How To Survive A Stressed-Out Presidential Election

October 19, 2016

A request, dear candidates to-be-named for the 2020 presidential election:

Don’t freak us out again! Please.

We’ve had enough stress and anxiety from the Trump-Clinton election vitriol and apocalyptic hysteria here in 2016  to last a millennium. Believe us.

The fallout of the election is among the few things about it that is not partisan. According to a recent Stress in America survey by the American Psychological Association, 59 percent of Republicans and 55 percent of Democrats say it’s stressful. Big time.

Generationally, people 71 and older (59 percent) and millennials age 19 to 37 (56 percent) are most effected, with Boomers age 52 to 70 (50 percent) and Gen Xers age 38 to 51 (45 percent) not far behind in reporting the election as a “somewhat” to “very significant” source of stress. Likewise, all races and ethnicities are affected: Hispanic (56 percent), white (52), Native American (52), black (46) and Asian (43).

“There has been much media coverage highlighting negative attributes and indiscretions of both candidates,” says Carrie Pichie, Ph.D., Natchaug Hospital director of ambulatory services, “leading to more ambivalence from Americans regarding how to vote.  More than ever before, polls have shown that many Americans are not in favor of either candidate, leading to a feeling of uncertainty about the future of America.  Pertinent topics to society today which have been linked with violent acts, such as racism, sexism and other forms of discrimination, have been at the forefront of the election.  Some Americans have even verbalized concerns regarding ‘violence and uprisings’ based on the outcome of the election.”

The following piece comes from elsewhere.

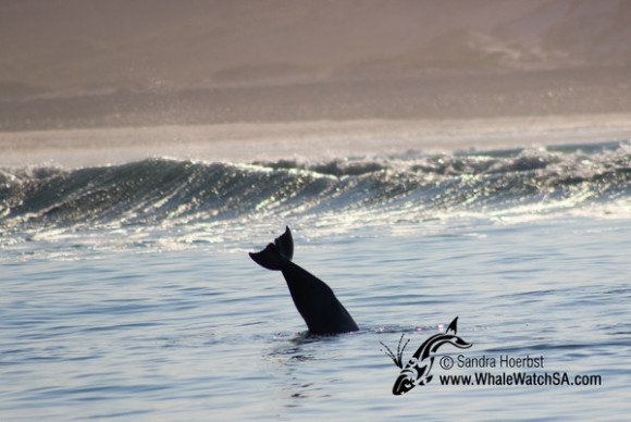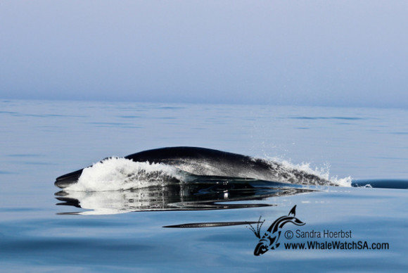 First we spotted some African penguins and one of our clients did spot a blow, so we stopped the boat and had a closer look. And yes, she was right, there was a whale so we slowly approached and got to see a Bryde’s whale with her calf traveling towards Quin Point. While busy watching the whales traveling alongside our vessel we spotted some splashes a bit further off. What is it? So we left the mother and calf pair behind and were amazed by what we got to see. It was a Dwarf Minke whale (Balaenoptra acutorostrata subsp.) porpoising at a speed of 20km/h.

Stress that lasts this long isn’t good for your health. How many of you have experienced headaches, elevated blood pressure, upset stomach  or difficulty sleeping? To survive this year’s election, the American Psychological Association recommends:

  • Taking a break from television news coverage and social media. Keep away from hostile or inflammatory exchanges on Facebook or Twitter.
  • If you want to get political, focus on your state or local elections. Volunteer in your community in support of a cause you support.
  • Letting your friends and co-workers know you’d rather not talk about politics.
  • Having faith in the future. Despite the threat of “the end of American civilization,” the post-election climate should start to feel a little more normal. Believe in our democracy!
  • Voting. Despite the stress of this election, voting shows that your voice matters and will be heard through the unending hostility.

“Citizens look for stability and predictability in the leadership of their country, and that is certainly faltering at present,” says Pichie. “Focusing on what one can control is most helpful in dealing with stress, as well as limiting exposure to the reasons for the stress.”